Yahudi Dükkanı

16:19 ebru altin 2 Comments

Blogum aracılığıyla sizlerle paylaştığım bu kitabı planlarıma göre daha önceden tanıtma gibi bir düşüncem olmuş olsa da ülkemizde yaşanan olaylardan dolayı yazma işlemini ancak bugün itibariyle gerçekleştirebiliyorum.  Bu gecikmeden dolayı lütfen kusuruma bakmayın demeyi de ihmal etmiyorum tabii.  

Kitabımızın ismi Yahudi Dükkanı… Adını daha önce duymuş muydunuz bilemiyorum ama bir kitap alışverişi sırasında öncelikle isminin, ardından ise kapak tanıtım yazısının ilgimi fazlasıyla çekmiş olmasından dolayı dayanamayıp aldığım kitaplardan birisiydi bu kitap.

Kitabın içeriğine tam girmeden önce Yahudilere dair şu detayı, ön bilgi mahiyetinde vermekte yarar görüyorum açıkçası.

Çeşitli kaynaklarda Yahudiler için yüzyıllarca oradan oraya sürüklendikleri ve çektikleri eziyetlerden sonra da vahşice öldürüldükleri yazar. Ne kadar doğru, ne kadar yanlış bilemem tabii ki… 

Ancak yüzyıllar süren sürgün hayatları boyunca Yahudiler’de ister istemez kendileri için bir koruma mekanizması geliştirmişlerdir. Zaman içinde de dünyanın çeşitli yerlerine dağılıp, mevcudiyetlerini sürdürmek adına gizli bir örgütlenme içine girişmişlerdir. Zeki olanları bulunduğu yerlerde yönetim kademesine yakın yerlerde bulunurken, ticaretle uğraşanlarda kısa sürece zengin olmuşlardır zaten.

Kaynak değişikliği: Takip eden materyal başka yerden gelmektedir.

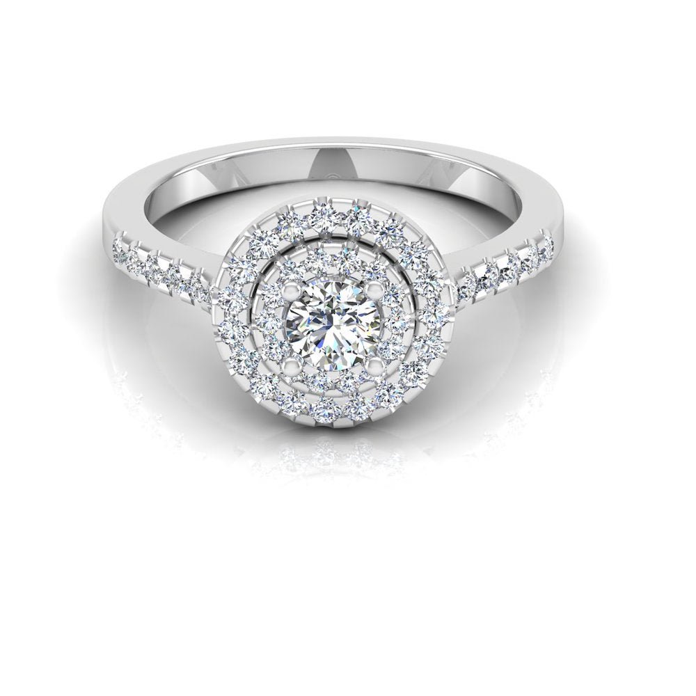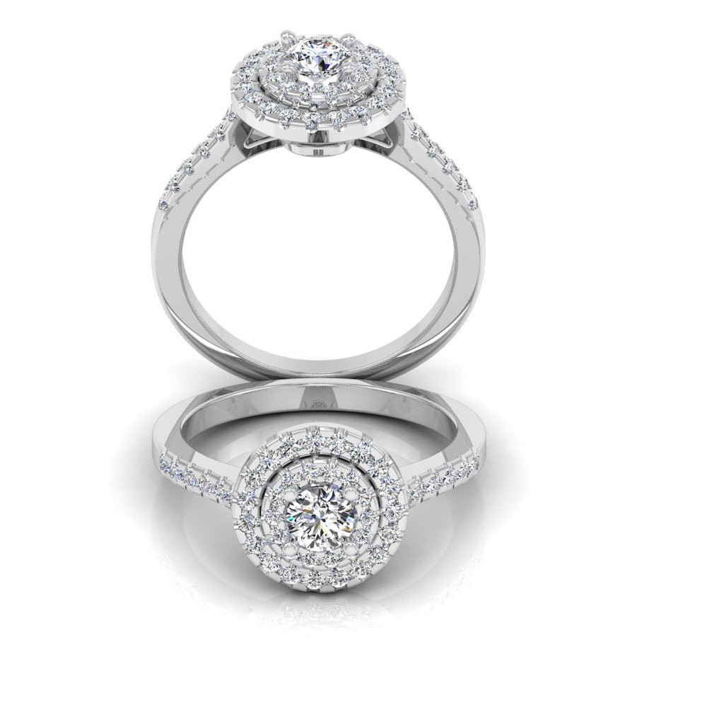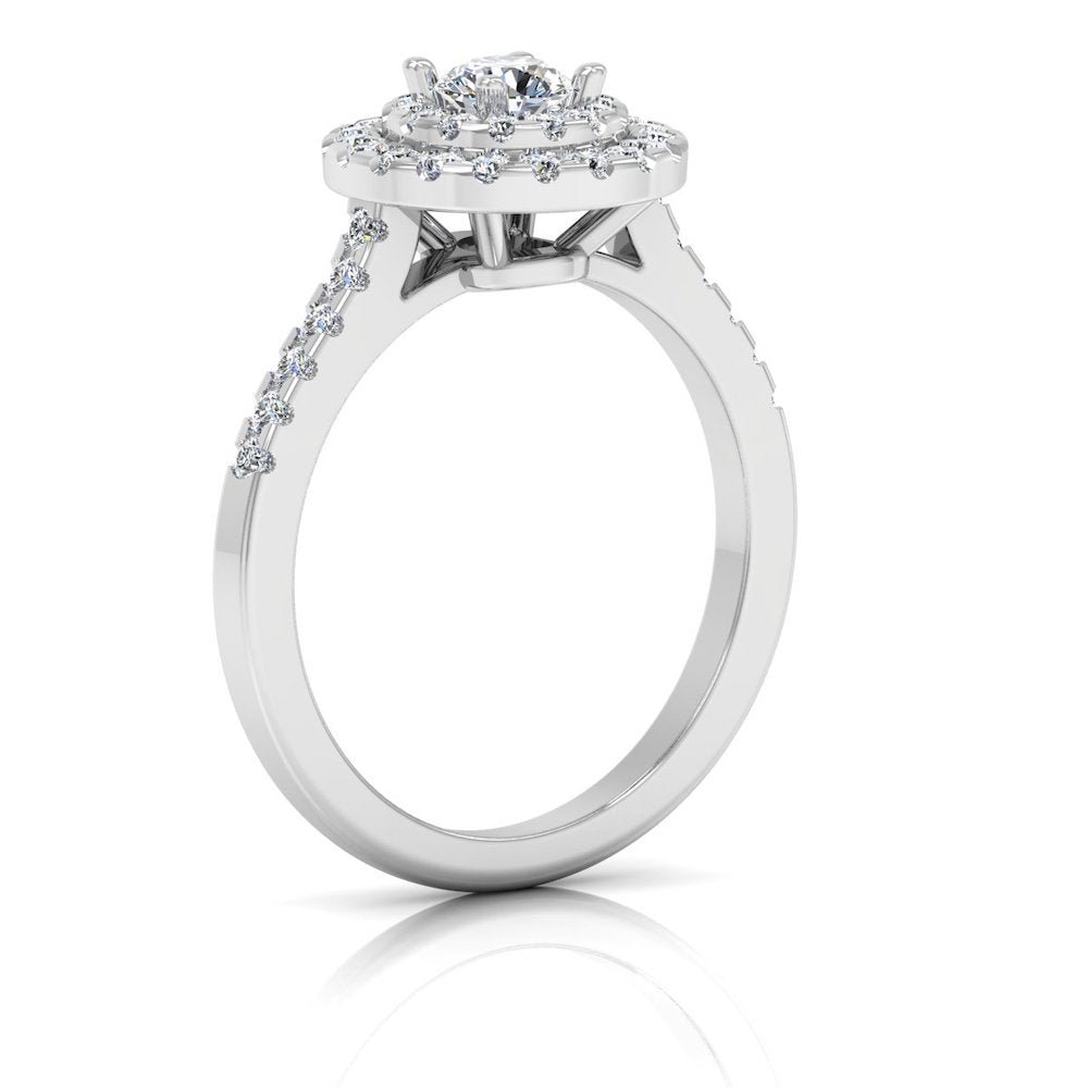 This Round Brilliant Rectangle Halo Moissanite Engagement Ring has a gold weight of 5.29 grams for 14k gold, 5.65 grams for 18k gold, and a moissanite diamond weight of 0.75 CTW. There are 46 moissanite stones on this ring: the center stone measuring 4.3×4.3MM. The diamonds are set in a double halo diamond setting. Round cut stones symbolize commitment.

Dolayısıyla geçmişin acı tecrübelerini her zaman hatırlarında tutup, mevcudiyetlerini sürdürmek adına daima güçlü olabilmenin yollarını da arayıp, durmuşlar her zaman.

Kitabın arka kapağında “Gerçek bir kelepir arıyorsan, hayatı kazanırken yaşamalısın,” sözüyle karşı karşıya kaldığımda açıkçası aklıma ilk gelen Yahudilerin bu zamana kadar çektikleri sıkıntılar oldu.
Vay be dedim kendi kendime, bilmediğimiz yada daha önce yüzeysel bir şekilde duyduğumuz ama bir şekilde boşvermişlik içerisinde oralı olmadığımız ne hikayeler varmış.  

Tanıtım yazısına hızla göz gezdirdikten sonra sayfaları hızla çevirmek suretiyle kendimi bir anda hikayenin içerisinde buluverdim. Ne yalan söyleyeyim benim için film tadında olan kitaplardan birisi oldu Yahudi Dükkanı…

İnsanın doğup büyüdüğü, alıştığı topraklardan göç etmesi ve toplum içinde azınlık olarak hayatını sürdürmesi belki de başa gelebilecek en büyük zorluklardan biri. Çünkü türlü engellerle kabul görme mücadelesini de beraberinde getirir bu durum. Tıpkı daha iyi bir yaşam rüyasını gerçeğe dönüştürmek için yollara çıkan Bransonların göze alabildikleri gibi…


Publisher Weekly’nin de dediği gibi Yahudi Dükkanı, kimi zaman yürek burkan, kimi zaman da tebessüm ettiren bir ailenin anılarının gün yüzüne çıkarılmasıdır. Umutların, yenilgilerin, zaferlerin bir arada olduğu bu hikaye, hayatı olduğu gibi kabul ederken, bir yanımızın da umuda tutunması gerektiğini bizlere hatırlatmadan edemiyor.